Main Speakers are Dr. Ramir Uytico, the Division Superintendent of the Department of Education- Dumaguete Division; Dr. Grace Tampus, Resource SpEd Personnel, Lodi Unified School District, Lodi, Stockton, California, USA; Ms. Evita Ngo, SpEd teacher, University of Southern Philippines Foundation and working committee member of the Organization of Rehabilitation Agencies for Inclusion, Cebu City; Mrs. Teresita Ga, Special Education In-charge of the Department of Education-Region 7; Mr. Ignaas Demyttenaere, Executive Director of the Institute of Inclusive Education, St. Louis University, Baguio City; and Ms. Cristina A. Domocol, Principal 1, Kindergarten and SpEd Coordinator, Bais City Division. There will also be Case Presentations on Best Practices in SpEd and Inclusive Education, to be made by different general education and special education teachers as well as parents.

“This Conference is meant to be a venue for honest and open evaluation of all efforts towards educating children with disabilities,” explains Glicel Tamonang, the new Coordinator of GPRehab’s Inclusive Education Program. “As it is now, the education of children with disabilities is not adequately addressed despite the efforts of the Department of Education to strengthen its Special Education Program. We need to find ways by which these children can be included in achieving the goal of Education for All.”
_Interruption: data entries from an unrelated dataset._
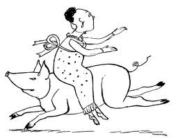 An old woman was sweeping her house, and she found a little crooked sixpence. “What,” she said, “shall I do with this little sixpence? I will go to market, and buy a little pig.” As she was coming home, she came to a stile: but the piggy wouldn’t go over the stile. She went a little further, and she met a dog. So she said to the dog: “Dog! bite pig; piggy won’t go over the stile; and I shan’t get home to-night.” But the dog wouldn’t. She went a little further, and she met a stick. So she said:
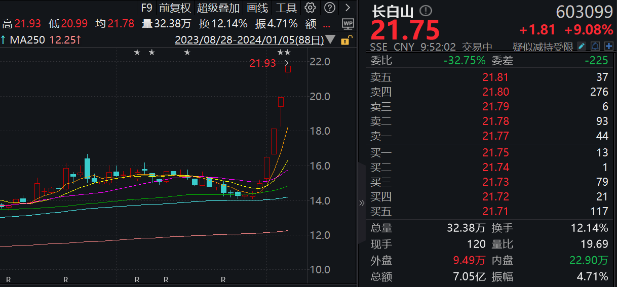 1月5日,长白山大涨,截至发稿,股价报21.75元,涨超9%。该股此前录得三连板。
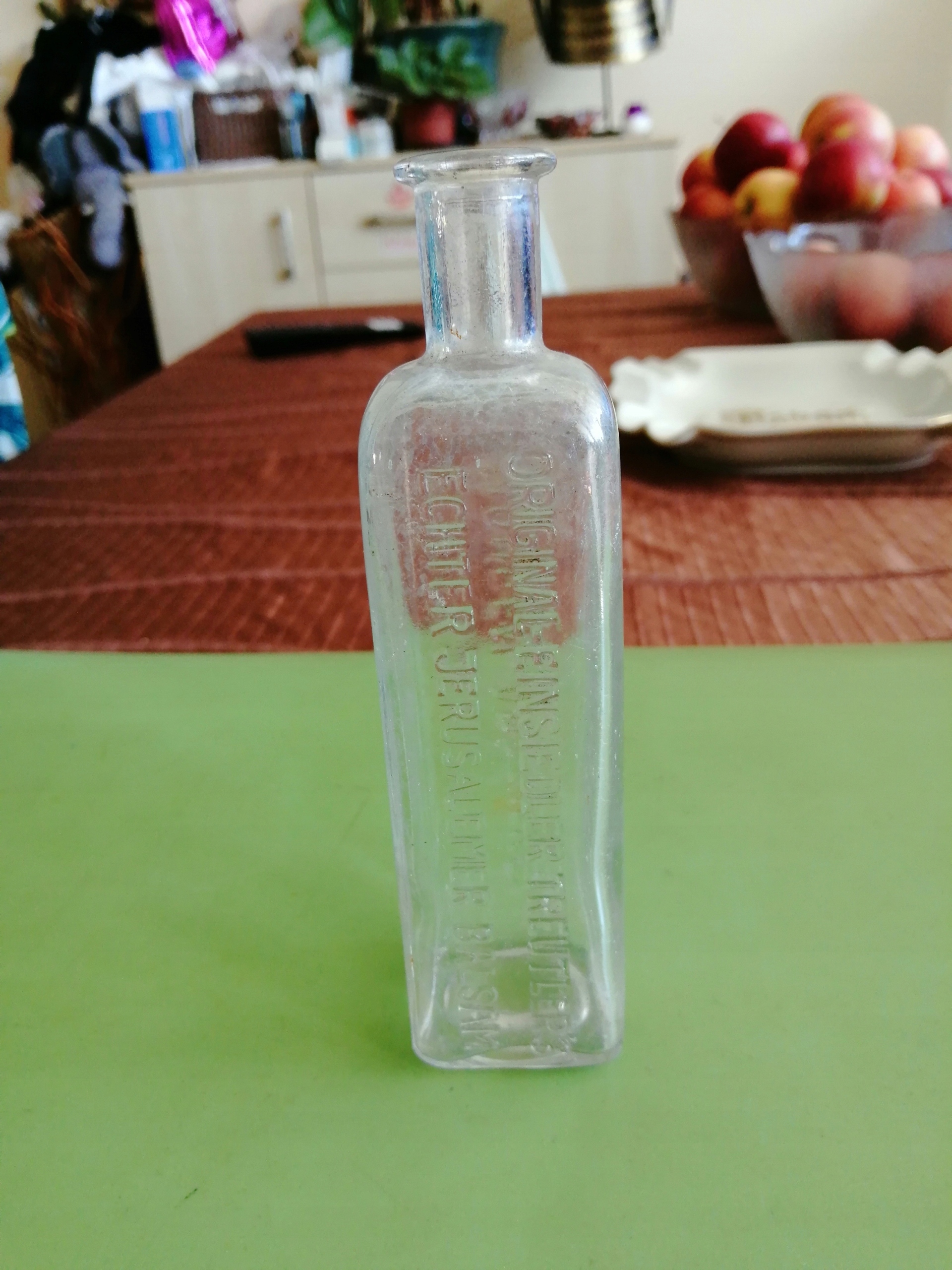 Я рекомендую стару аптечну пляшку від Glatz (Klodzko). Підписано: J.T Mohren - Apotheke Glatz Original - Einsiedler Treutlers Echter Jerusalemer Balm. Висота 14 см.
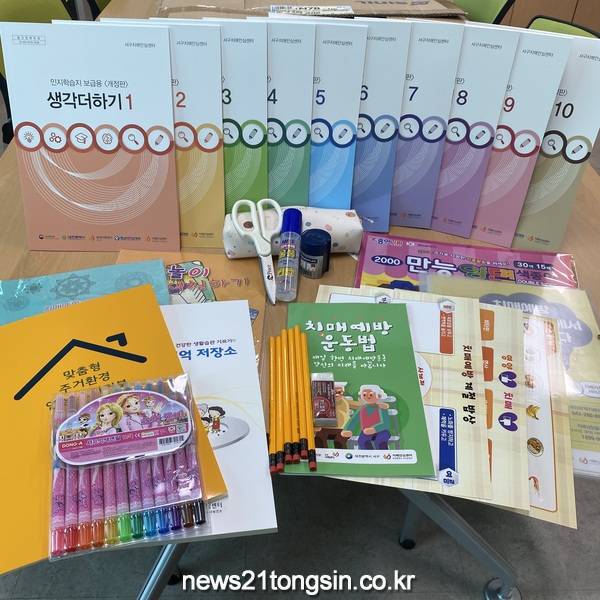 이번에 지원된 인지교구 꾸러미는 치매안심센터 인지강화교실 ‘기억청춘학교’ 대기자 30명에게 인지학습지(생각더하기1~10), 만다라 색칠하기, 치매 예방운동 포스터, 나의 기억일기장 등 가정 내에서 적용할 수 있는 내용으로 구성되어 있다.
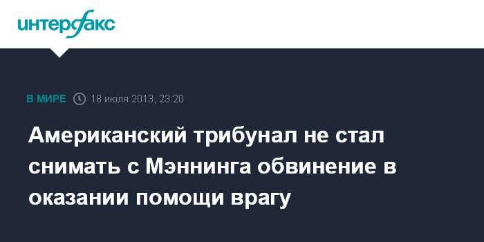 Вашингтон. 19 июля. INTERFAX.RU - Военный трибунал США отказался снять с предполагаемого информатора Wikileaks Брэдли Мэннинга обвинение в оказании помощи врагу, сообщает в четверг газета Washington Post.
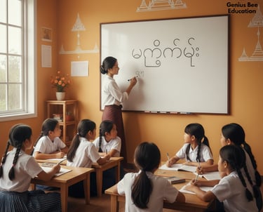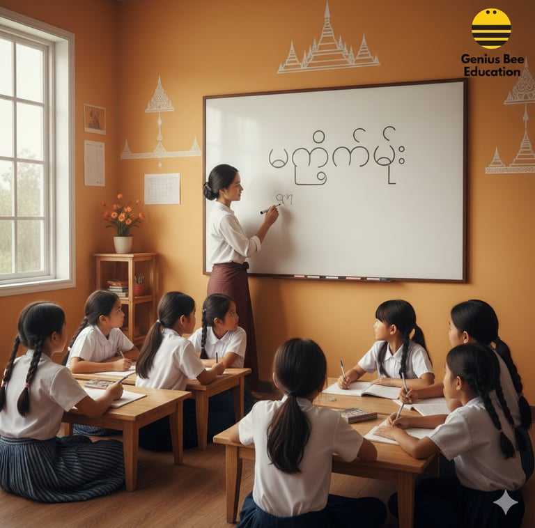 Our Myanmar Class helps children strengthen their connection to culture and language while improving literacy and expression. Through reading, writing, and storytelling, students learn proper spelling, pronunciation, and grammar in an enjoyable way. We also introduce them to classic folktales, poems, and local traditions to nurture appreciation for Myanmar’s rich heritage. Lessons are structured to make language learning exciting, using games and activities that promote creativity and curiosity. This class builds a solid language foundation while developing pride and love for their own culture.
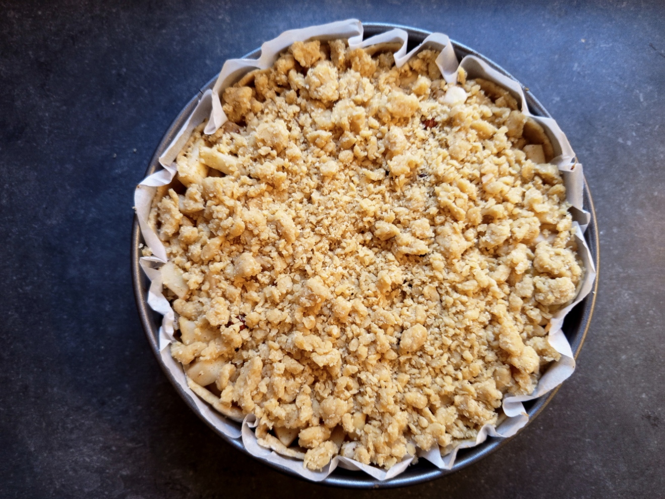 Bak de appelkruimeltaart in 35-40 minuten gaar in een voorverwarmde heteluchtoven op 180 graden.
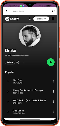 Drake mp3 Songs is on the top of the list of Entertainment category apps on Google Playstore. It has got really good rating points and reviews. Currently, Drake mp3 Songs for Windows has got over 500+ App installations and 0 star average user aggregate rating points.
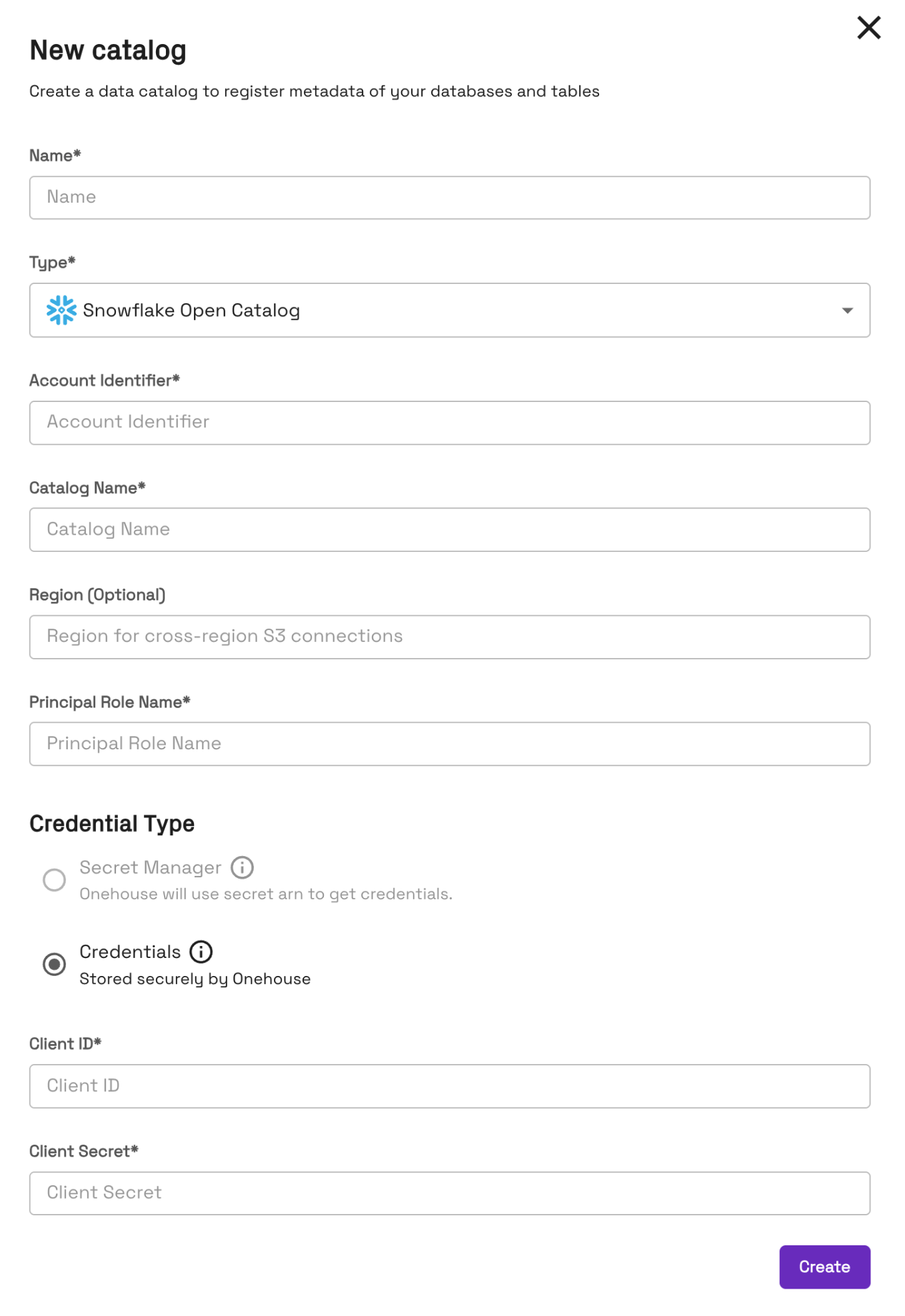 - Name: Unique identifier for the data catalog in Onehouse. This does not need to match the catalog name in Snowflake.
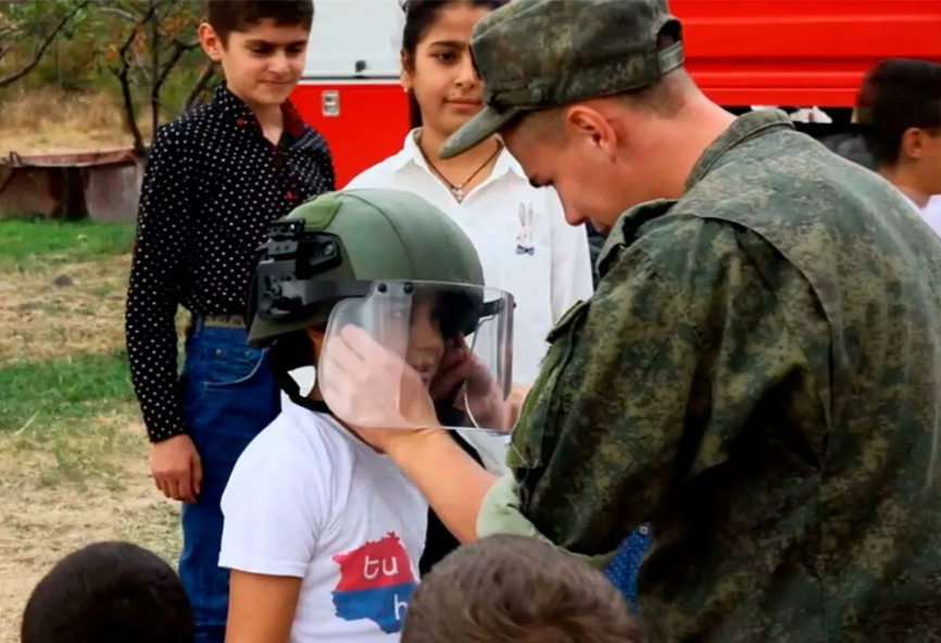 Məktəbin həyətində rus minaaxtaranlar erməni uşaqlara ərazinin minalardan təmizlənməsinin necə getdiyini və mina detektorlarının işlərini nümayiş etdiriblər.
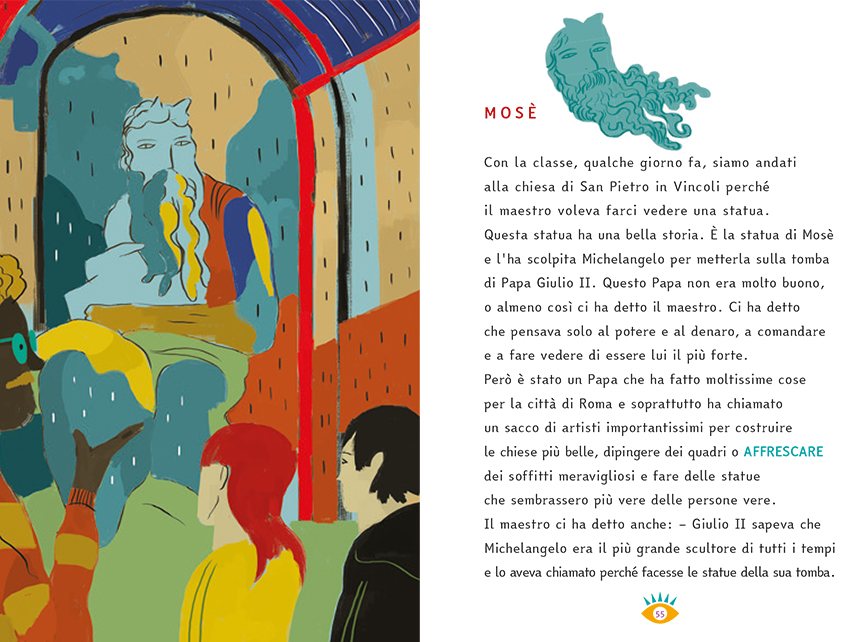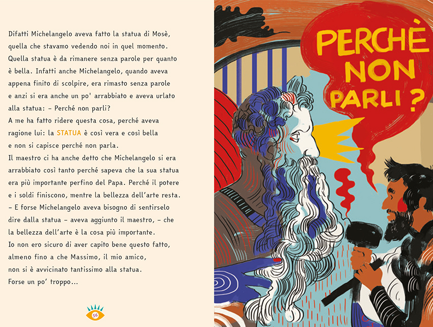 Una scolaresca viene portata dal proprio maestro a San Pietro in Vincoli, a Roma, per vedere e ammirare la statua di Mosè, scolpita da Michelangelo su commissione di Papa Giulio II. Si racconta che, appena finito di scolpirla, Michelangelo si arrabbiò, urlando alla statua "Perché non parli?". "A me ha fatto ridere questa cosa, perché aveva ragione lui: la statua è così vera e così bella e non si capisce perché non parla".

The United Nations has estimated that persons with disabilities constitute about 10-15% of the world’s population. It is lower in the Philippines, with the Social Weather Station estimating that 7% of the total Philippine population has various forms of disabilities. Of this, 70% live in the rural areas. Unfortunately, only 1.98% of the total number of children with disabilities are in school.

“This conference, the first of its kind in the province of Negros Oriental, is an initiative towards looking at the challenges and realities of educating children with disabilities,” continues Ms. Tamonang. “It will also look at this issue from the Special Education and Inclusive Education perspectives, tackling the limitations of each approach as well as its best practices.”

Special Education refers to the education of persons who are gifted or talented, and those who have physical, mental, social or sensory impairment and cultural differences so as to require modification of the curricula, programs and special services and physical facilities to develop them to their maximum capacity. In the Philippines, Special Education classes are held in special classrooms or centers that only cater to children who have, and/or deemed to have, disabilities. Inclusive education, on the other hand, is an approach where all children regardless of their abilities, are taught together in one classroom.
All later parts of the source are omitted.